Data:
"""
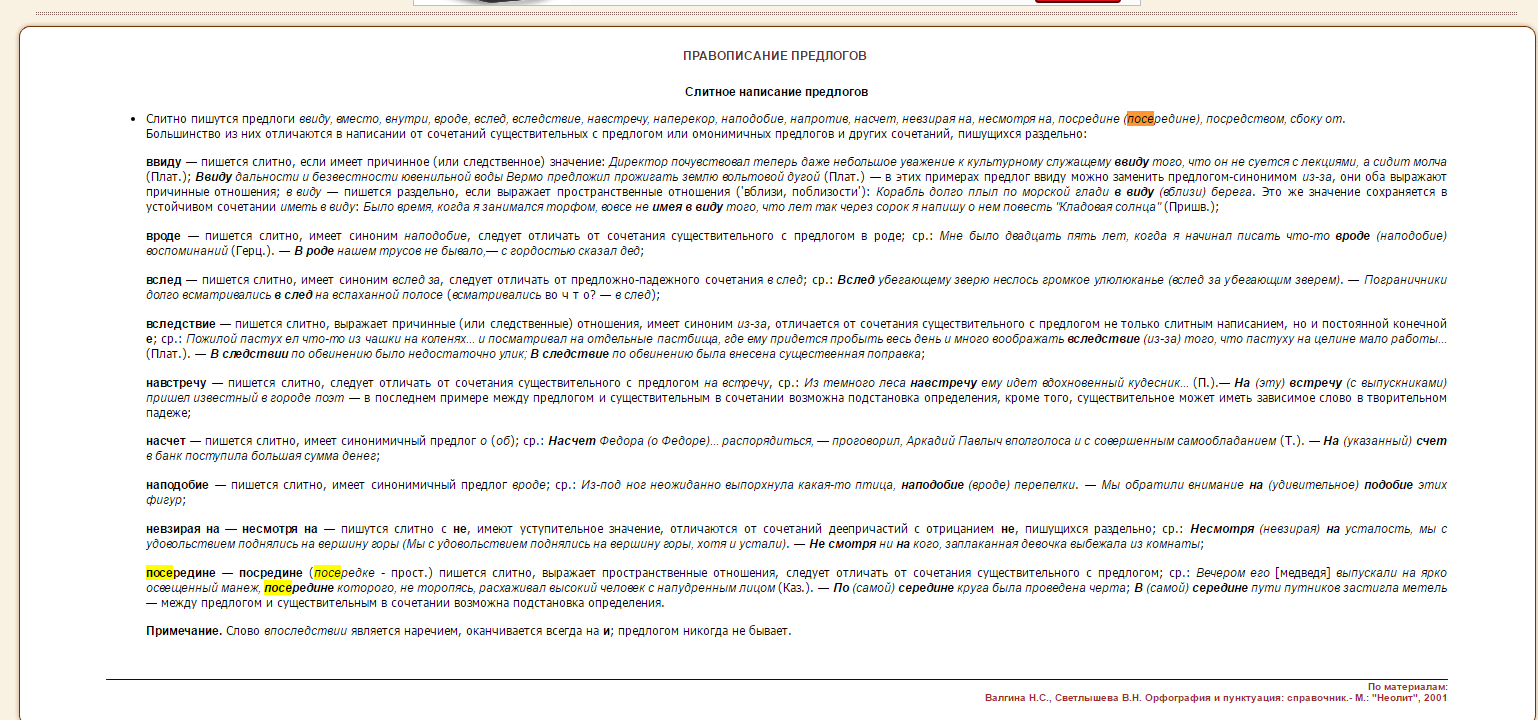 Культура письменной речи. РУССКИЙ ЯЗЫК - ПРАВОПИСАНИЕ ПРЕДЛОГОВ. Слитное написание предлоговпосередине ИЛИ по середине (чего-л) ??
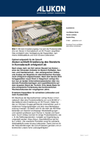 Nach etwas mehr als fünf Jahren Bauzeit hat Alukon – einer der führenden Anbieter im Bereich Rollladen, Sonnen- und Insektenschutz – den umfangreichen Umbau und Ausbau am Hauptsitz im oberfränkischen Konradsreuth erfolgreich abgeschlossen. Nach dem bereits 2019 fertiggestellten neuen Werk in Haigerloch verfügt Alukon nun an beiden Unternehmensstandorten über modernste Produktionsanlagen und Logistikbereiche auf dem neuesten Stand der Technik. Eine ideale Basis für eine erfolgreiche Fortsetzung des kontinuierlichen Wachstumskurses der vergangenen Jahre.
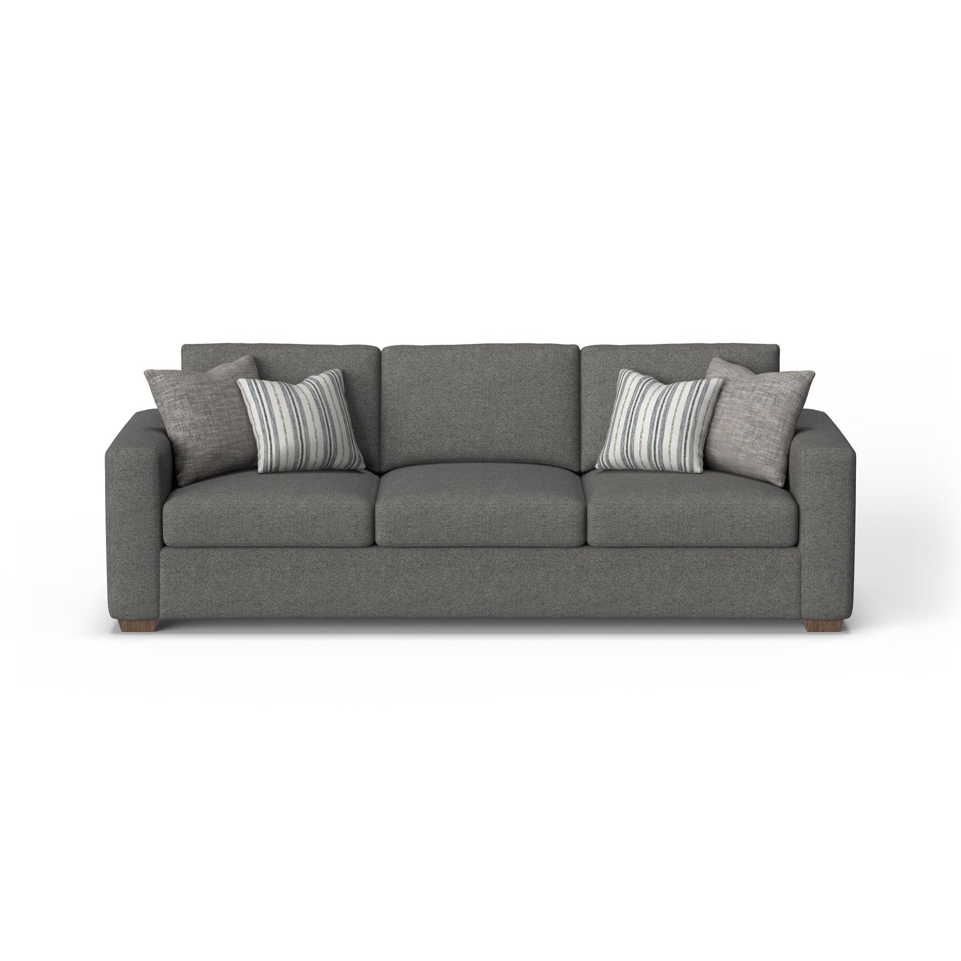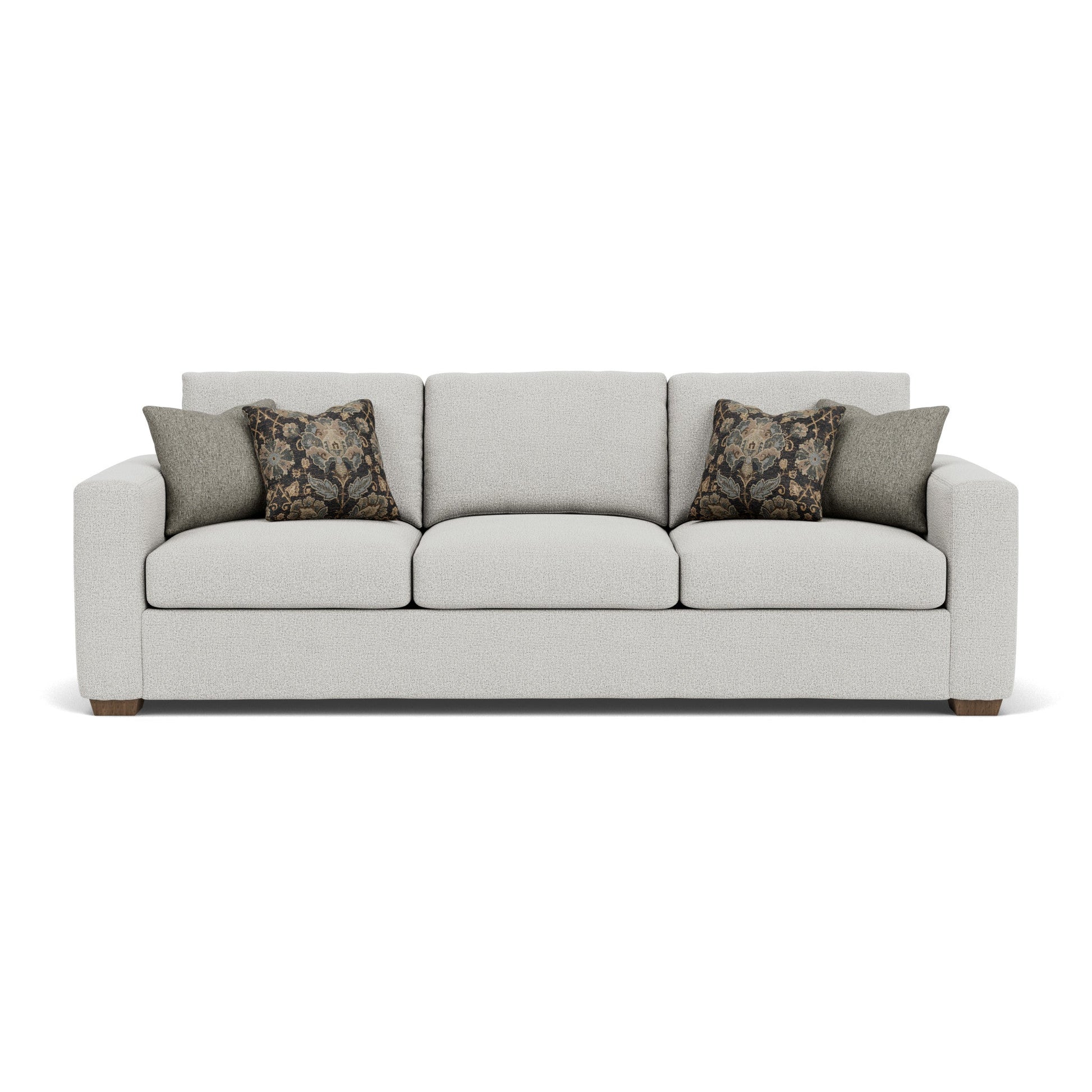 Stylish Simplicity Clean lines, extra-wide and ultra-comfy seats will make you want to lounge a little longer on our Collins sofa. Generous in scale to offer up plenty of room to relax, Collins is distinguished by large, lofty cushions and wide track arms that sit on bold block legs for a timeless, casual look that begs you to curl up and get comfortable. Offered in your choice of upholstery and finishes, this sofa can be customized to suit your personal style. Transitional style with wide track arms Bold block legs come in your choice of finish Removable and reversible seat cushions allow you to flip and rotate them for even wear Includes accent pillows in your choice of fabric to match your personal style The patented Blue Steel Spring in the seat provides unmatched support and lasting comfort Constructed with a durable five-layer wood frame with premium resistance to warping Upholstered in your choice of fabric, including those with performance and sustainability characteristics Handcrafted in North America Model Number: 7107-32 Dimensions 36H x 101W x 40L
"""
About this exercise:
From the very first line of the listing above through the line that holds "Nach etwas mehr", write out each line exactly as it stands, leaving pictures out.

Solution below:
 Культура письменной речи. РУССКИЙ ЯЗЫК - ПРАВОПИСАНИЕ ПРЕДЛОГОВ. Слитное написание предлоговпосередине ИЛИ по середине (чего-л) ??
 Nach etwas mehr als fünf Jahren Bauzeit hat Alukon – einer der führenden Anbieter im Bereich Rollladen, Sonnen- und Insektenschutz – den umfangreichen Umbau und Ausbau am Hauptsitz im oberfränkischen Konradsreuth erfolgreich abgeschlossen. Nach dem bereits 2019 fertiggestellten neuen Werk in Haigerloch verfügt Alukon nun an beiden Unternehmensstandorten über modernste Produktionsanlagen und Logistikbereiche auf dem neuesten Stand der Technik. Eine ideale Basis für eine erfolgreiche Fortsetzung des kontinuierlichen Wachstumskurses der vergangenen Jahre.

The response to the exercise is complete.